Belgrano fue el primero por estos lares en proponer a fines del siglo XVIII una verdadera Reforma Agraria basada en la expropiación de las tierras baldías para entregarlas a los desposeídos: “Es de necesidad poner los medios para que puedan entrar al orden de sociedad los que ahora casi se avergüenzan de presentarse a sus conciudadanos por su desnudez y miseria, y esto lo hemos de conseguir si se le dan propiedades (…) que se podría obligar a la venta de los terrenos, que no se cultivan, al menos en una mitad, si en un tiempo dado no se hacían las plantaciones por los propietarios; y mucho más se les debería obligar a los que tienen sus tierras enteramente desocupadas (…)”.
El 1 de septiembre de 1813, “La Gaceta” publicó un artículo que Belgrano había escrito unos años antes y que no pudo pasar la censura del período colonial. Es un documento de un valor extraordinario donde aparece expresada una conciencia política que dejaba atrás a cualquier pensador de su tiempo.
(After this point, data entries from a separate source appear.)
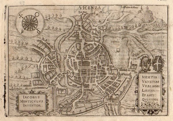 Incisione in rame, f. 18,5×13 cm. ca. In: BERTELLI, Pietro – Teatro delle città… Vicenza
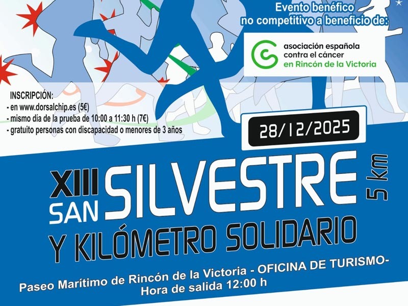 Rincón de la Victoria celebrará el próximo domingo 28 de diciembre la XIII Carrera San Silvestre y el Kilómetro Solidario, un evento deportivo, lúdico y solidario cuyos fondos se destinarán este año a la Asociación Española contra el Cáncer (AECC) de Rincón de la Victoria.
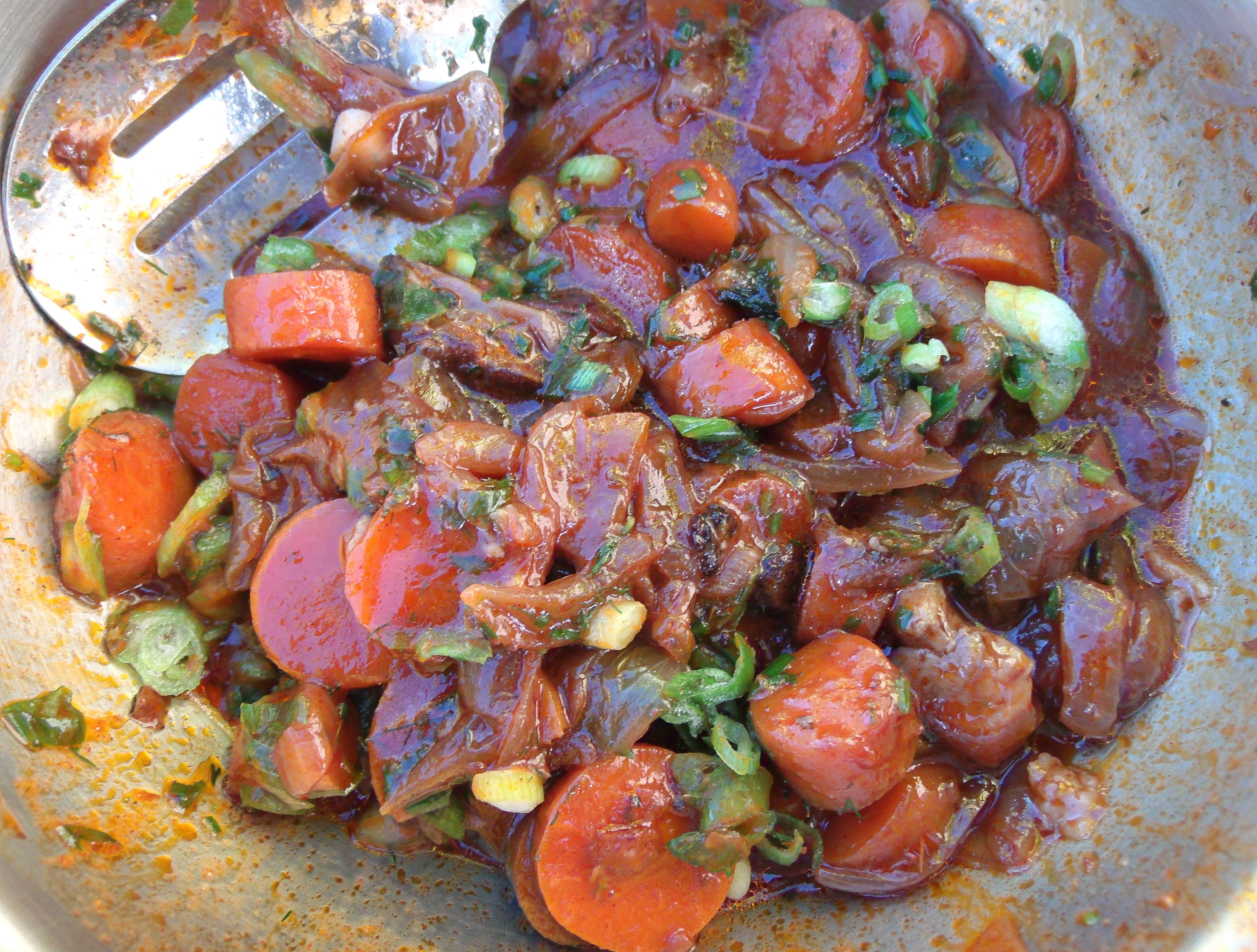 Sliced Beef Shanks Braised In Merlot ← Previous Next → mix 1 tblsp sliced scallions and 1 tsp cilantro with the vegetables

Decía don Manuel Belgrano: “Se han elevado entre los hombres dos clases muy distintas; la una dispone de los frutos de la tierra, la otra es llamada solamente a ayudar por su trabajo la reproducción anual de estos frutos y riquezas o a desplegar su industria para ofrecer a los propietarios comodidades y objetos de lujo en cambio de lo que les sobra. (…) Existe una lucha continua entre diversos contratantes: pero como ellos no son de una fuerza igual, los unos se someten invariablemente a las Leyes impuestas por los otros. (…) El imperio de la propiedad es, el que reduce a la mayor parte de los hombres, a lo más estrechamente necesario”. Los ricos de la Argentina, enriquecidos a costa del país y del trabajo de su gente, se enorgullecen en decir que Belgrano murió pobre.
Según sus leyes de la obediencia y el ejemplo, no hay nada mejor para los demás que morir pobre. El desprendimiento, el desinterés y la abnegación son virtudes que nuestras “familias patricias” dicen admirar en los demás pero que no forman parte de su menú de opciones. Ellas por su parte, morirán mucho más ricas de lo que nacieron porque el resto de los argentinos morirá mucho más pobre. Claro que omiten decir que Belgrano nació rico y que invirtió todo su capital económico y humano en la revolución.
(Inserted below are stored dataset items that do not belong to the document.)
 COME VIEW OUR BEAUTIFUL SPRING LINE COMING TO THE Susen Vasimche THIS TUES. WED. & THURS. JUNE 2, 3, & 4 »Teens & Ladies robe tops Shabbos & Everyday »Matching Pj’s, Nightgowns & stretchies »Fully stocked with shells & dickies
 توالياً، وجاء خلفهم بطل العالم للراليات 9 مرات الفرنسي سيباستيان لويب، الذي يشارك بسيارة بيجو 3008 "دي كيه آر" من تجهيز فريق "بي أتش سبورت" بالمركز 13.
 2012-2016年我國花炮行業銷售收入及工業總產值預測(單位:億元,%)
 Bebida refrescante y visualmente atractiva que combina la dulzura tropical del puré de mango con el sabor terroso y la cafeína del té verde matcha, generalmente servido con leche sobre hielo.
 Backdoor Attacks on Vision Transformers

No dicen que Belgrano no se resignó a morir pobre y reclamó hasta los últimos días de su vida lo que le correspondía: sus sueldos atrasados, y que se aplicaran a los fines establecidos los 40.000 pesos oro que había donado para la construcción de escuelas y que le fueron robados por los perpetradores de la administración pública. Tampoco nos recuerdan que Belgrano no se cansó de denunciarlos y no ahorró epítetos para con ellos. Los llamó “parásitos”, “inútiles”, “especuladores” y “partidarios de sí mismos” entre otras cosas. Las banderas de Belgrano, la de la honestidad, la coherencia, la humildad llena de dignidad, los siguen denunciando.